I call Kimbo by submission


----------



## MLS (Jul 18, 2007)

All Kimbo has to do is last survive the first minute and then tank will gas. Then Kimbo will ko tank.


----------



## sove (Apr 7, 2007)

I agree that it makes sense to pit a new fighter like Kimbo against someone like Tank. At least we know Tank won't take a dive.

I'm going to go out on a limb and predict Kimbo by armbar in the first.


----------



## ZeroPRIDE (Apr 12, 2006)

if this was in Japan, pretty sure this fight is right up there ally. Freak show fight.


----------



## Toxic (Mar 1, 2007)

Kimbo is a bitch, he just better remember that at the least Tank cis not gonna take a dive and run away from him, I actually think Tank will knock out Kimbo in the first found.


----------



## Risto (Oct 11, 2006)

Not sure if Tank even trains for fights these days...? Apart from hanging out in bars...? The only way he can win is a flush punch in the first minute or so - Tank does pack an amazing punch. I agree with him gassing early and then getting whooped. Kimbo is hardly a technician himself, but appears far fitter.


----------



## gibboeng9 (Dec 8, 2006)

if tank comes in to this fight unfit then kimbo will win, that's the obvious outcome. i believe tank has a punchers chance and that's it. kimbo is training seriously for mma and wants to do well even though i think he'd get destroyed by any class a heavyweight. i'd like to see a healthier tank than we have done for the last few years but i don't see it, put them in a bar and i say tank would win haha.


----------



## ID06 (Dec 31, 2006)

Finally we will know who the best heavyweight in the world is...


----------



## ZeroPRIDE (Apr 12, 2006)

gibboeng9 said:


> if tank comes in to this fight unfit then kimbo will win, that's the obvious outcome. i believe tank has a punchers chance and that's it. kimbo is training seriously for mma and wants to do well even though i think he'd get destroyed by any class a heavyweight. i'd like to see a healthier tank than we have done for the last few years but i don't see it, put them in a bar and i say tank would win haha.

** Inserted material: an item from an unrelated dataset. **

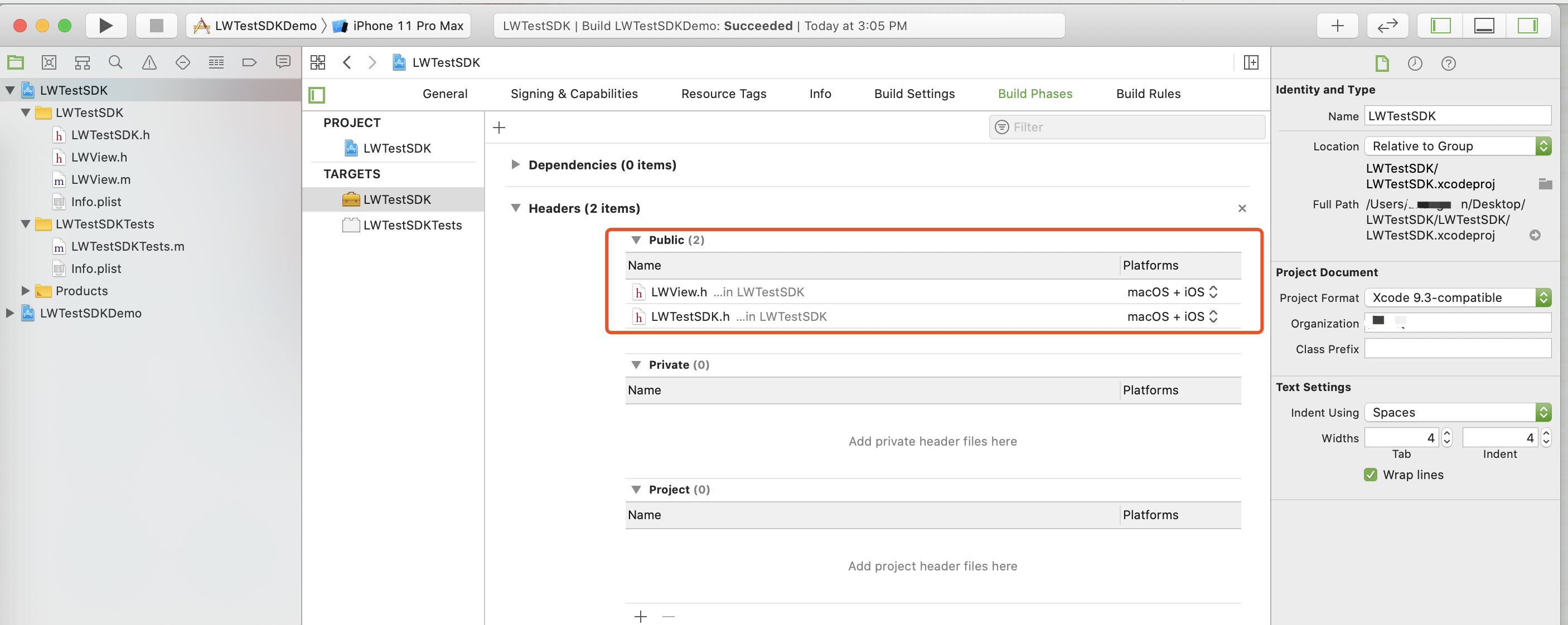 SDK的Framework工程已经创建完毕,修改其中的配置

ye I can tell hes serious so serious that his first fight look like a fighter took a dive. Maybe if he actually landed a few since he so serious. By now ypou can tell im not a slice fan.:thumb02:


----------



## gibboeng9 (Dec 8, 2006)

ZeroPRIDE said:


> ye I can tell hes serious so serious that his first fight look like a fighter took a dive. Maybe if he actually landed a few since he so serious. By now ypou can tell im not a slice fan.:thumb02:


haha i get your point, let me just make it clear i'm no kimbo fan either. i'd love to see tank ko his ass


----------



## ZeroPRIDE (Apr 12, 2006)

same thing here


----------



## Organik (Aug 28, 2006)

sweet haha someone is gettink knocked out..

i heard that james thompson was fighting antonio silva>?

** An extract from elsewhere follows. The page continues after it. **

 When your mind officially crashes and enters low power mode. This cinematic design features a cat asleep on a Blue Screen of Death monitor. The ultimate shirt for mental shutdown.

god damnit, i want aleks in the mic of ths division or the UFC's


----------



## kds13 (Nov 27, 2006)

Organik said:


> sweet haha someone is gettink knocked out..
> 
> *i heard that james thompson was fighting antonio silva>?*
> 
> god damnit, i want aleks in the mic of ths division or the UFC's


Where'd you hear that? I would love to see Big Foot make quick work of the The Mega-Punk.


----------



## brownpimp88 (Jun 22, 2006)

Tanker will give em a fight, gas, get KO'D, and then cut an awesome promo afterwards. Sounds like fun.


----------



## toddums (Mar 4, 2007)

Kimbo by Guillotine. No way Tank wins this fight. No way.


----------



## wozza (Dec 4, 2007)

kimbo will KO tank in under 2 minutes. I wish Kimbo would fight somebody a little better than tank (who I think passed it a few years ago!)

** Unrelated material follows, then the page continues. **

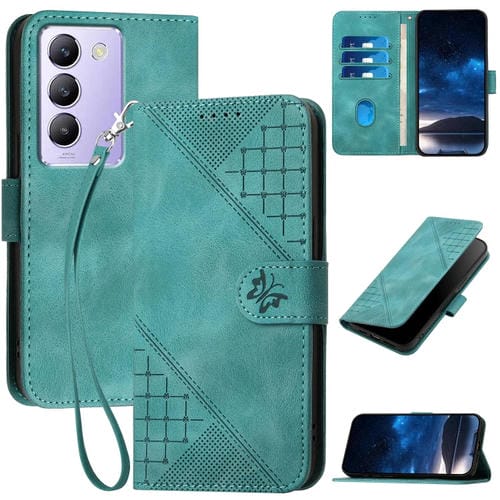 Para Vivo V30 Lite 5G India Yx0080 Funda de Cuero con Tapa con Patrón En Relieve de Mariposa y Cuadrícula con Cordón (Azul Claro)

The initial rumours of a Kimbo Vs James Thompson would of been better!


----------



## BrutalKO (Oct 5, 2006)

*Kimbo vs. Tank*

...I figured the MMA world want to see these two bang. If anybody picks Tank to win they might as well not even watch the fight. Kimbo is going to destroy Tank. Tank is fat & washed up. Kimbo is solid muscle. Tank's best days are surely behind him. I don't see this fight going past 2 rounds. Tank has to worry more about surviving than gasing out!...lol! I think people aren't taking Kimbo seriously. If Bas Rutten is serious about Kimbo and is training him to be a champion one day, nothing is gonna stop Kevin Ferguson from wearing a belt. Kimbo's chin is twice as hard as Tanks, and so are his punches. Kimbo is just starting out in MMA and looks fantastic. I just have to sit back and enjoy watching Bas Rutten turn Kimbo into a complete MMA wrecking ball!!..lol!

Kimbo 2nd rd TKO or KO...:thumbsup:


----------



## BrutalKO (Oct 5, 2006)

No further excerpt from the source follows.